Cell lines and cell cultures
We used a panel of 8 authentic human ATC cell lines,
including 2 cell lines (OCUT-2 and ACT-1) that were used in our
previous experiment (7). OCUT-1-6
were established and characterized in our laboratory. A mutation of
B-Raf V600E was found in OCUT-1-5 and a N-Ras mutation was found in
the OCUT-6 and ACT-1 cell lines (9).
OCUT-2 was known to carry a mutation of the PI3CA gene (8). ACT-1 was kindly provided by Dr S. Ohata
of Tokushima University. Each cell line was cultured in Dulbecco's
Modified Eagle's Medium (DMEM) supplemented with 10% fetal bovine
serum (FBS), 100 IU/ml penicillin and 100 mg/ml streptomycin at
37°C with 5% CO2 in a humidified incubator.
MTT assay
The inhibitory effects of everolimus on the
viability of these cell lines were measured by the MTT assay
(7). Cells (1×103) were
seeded in each well of a 96-well plastic culture plate and left
overnight under the same conditions. The cells were then treated
with the intended doses of everolimus for 3 days. After the
incubation period, MTT was added to a final concentration of 0.5
mg/ml and the cells were incubated again for 2 h under the same
conditions. The culture plate was centrifuged at 200 × g for 5 min
and the supernatant was removed. Dimethyl sulfoxide was added for
reaction and the absorbency was measured with a model 550
microplate reader (Bio-Rad Laboratories, Hercules, CA, USA) and
calculated using the supplied software. The experiments were
performed three times independently, in triplicate each time and
the average values of the three independent experiments were
calculated.
The effect of everolimus on cell viability following
paclitaxel treatment was also measured by the MTT assay. OCUT-2
cells were exposed to 1 nM of everolimus 1 h before, concomitantly,
or 1 h after treatment with 1–100 nM of paclitaxel for 72 h.

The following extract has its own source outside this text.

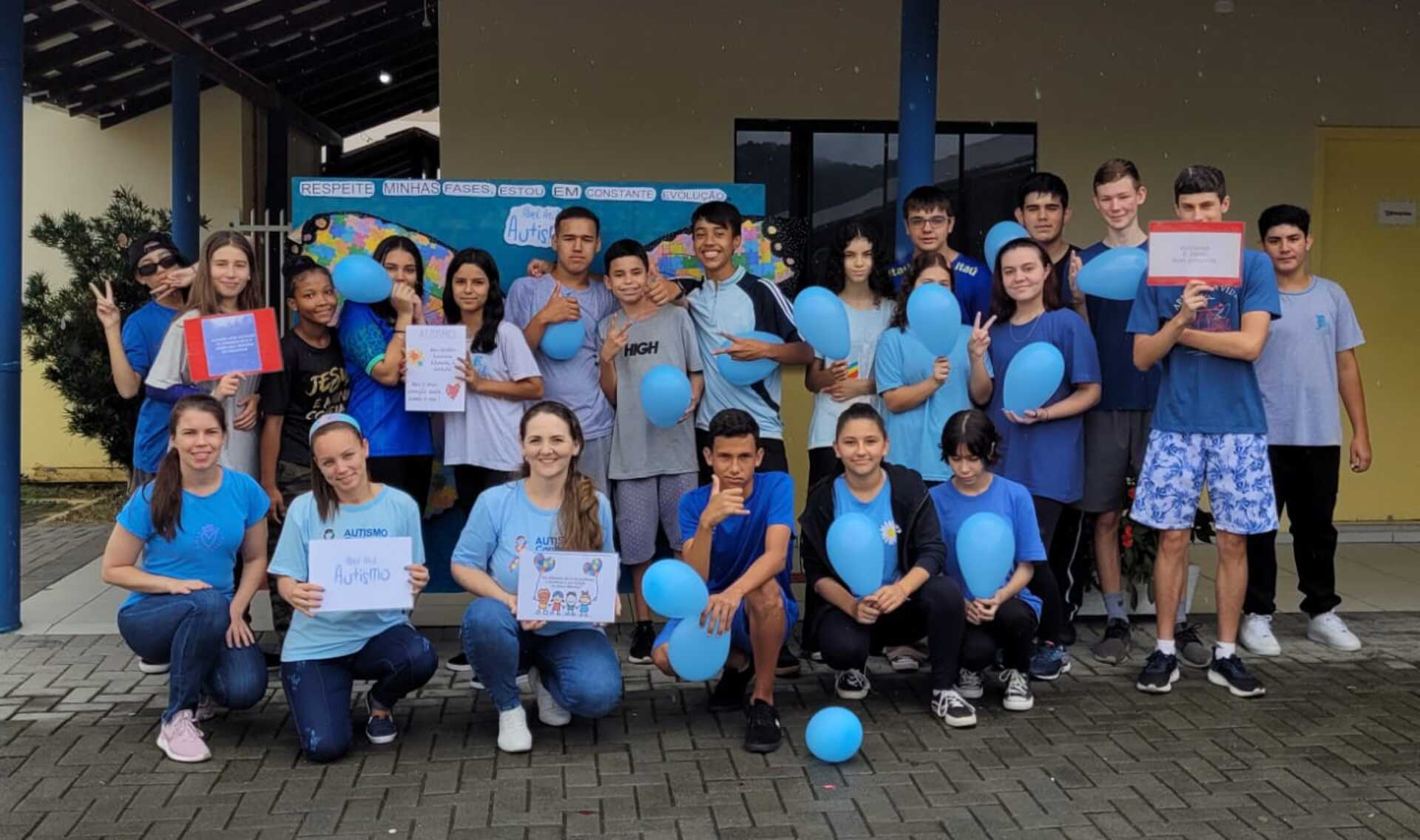 Na última sexta-feira, dia 14, os alunos do 9º ano da Escola Municipal Ferandino Dagnoni, no bairro Gasparinho, realizaram mais uma edição do trote do bem. O tema deste mês foi a conscientização sobre o autismo e o “Abril Azul”. Todos os alunos aderiram aos tons de azul e debateram sobre o Transtorno do Espectro Autista (TEA), para reduzir a discriminação e o preconceito que cercam as pessoas com autismo.

Effect of everolimus on tumor cell
proliferation under EGF stimulation in vitro
Cells (5×104) were spread onto a 10-mm
plastic dish and left overnight. The cells were then cultured in
DMEM without FBS. One nmol of EGF (no. 26190U, Upstate, Lake
Placid, NY, USA) was added to a plate to stimulate the EGFR of the
cells. The efficacy of everolimus (1 and 10 nM) was investigated by
immediate addition following EGF exposure. The cells were counted
after 48 h of incubation. The experiments were performed
independently in triplicate.
Cell cycle analysis by flow
cytometry
Flow cytometry was used to measure the DNA content
of individual cells, which allowed us to assess the cell-cycle
profiles of the cells treated with everolimus. In preparation for
flow cytometry, cells treated with 2 nM of everolimus for 16–72 h
were collected following brief trypsinization, washed with
phosphate-buffered saline and fixed with 70% cold ethanol. The
samples were then treated with ribonuclease (R6513; Sigma-Aldrich
Corp., Saint Louis, MO, USA), stained with 10 mg/ml propidium
iodide and analyzed by a facscan cell sorter (Becton Dickinson,
Mountain View, CA, USA). Cell cycle distributions were quantified
using Cellquest software (Becton Dickinson).
Results
Growth inhibitory effect of
everolimus
A similar growth inhibitory effect of everolimus was
observed in all the cell lines, except for OCUT-2. The 30 and 50%
inhibitory concentrations of everolimus ranged from 8.4 to 23.5 and
from 19 to >100 nM, respectively (Table I). However, in OCUT-2, everolimus
achieved a significant growth inhibition compared to that in other
cell lines, with 30 and 50% inhibitory concentrations of 0.8 and 5
nM, respectively. The maximal growth inhibitory effect of
everolimus on OCUT-2 cells was demonstrated at the concentration of
~20 nM, where ~60% of the cells were growth-inhibited and no
further effect was observed by increasing the concentration
(Fig. 1). There was a significant
difference in the sensitivity to everolimus between the ACT-1 and
OCUT-1, −3, −4, −5 and −6 cell lines (data not shown).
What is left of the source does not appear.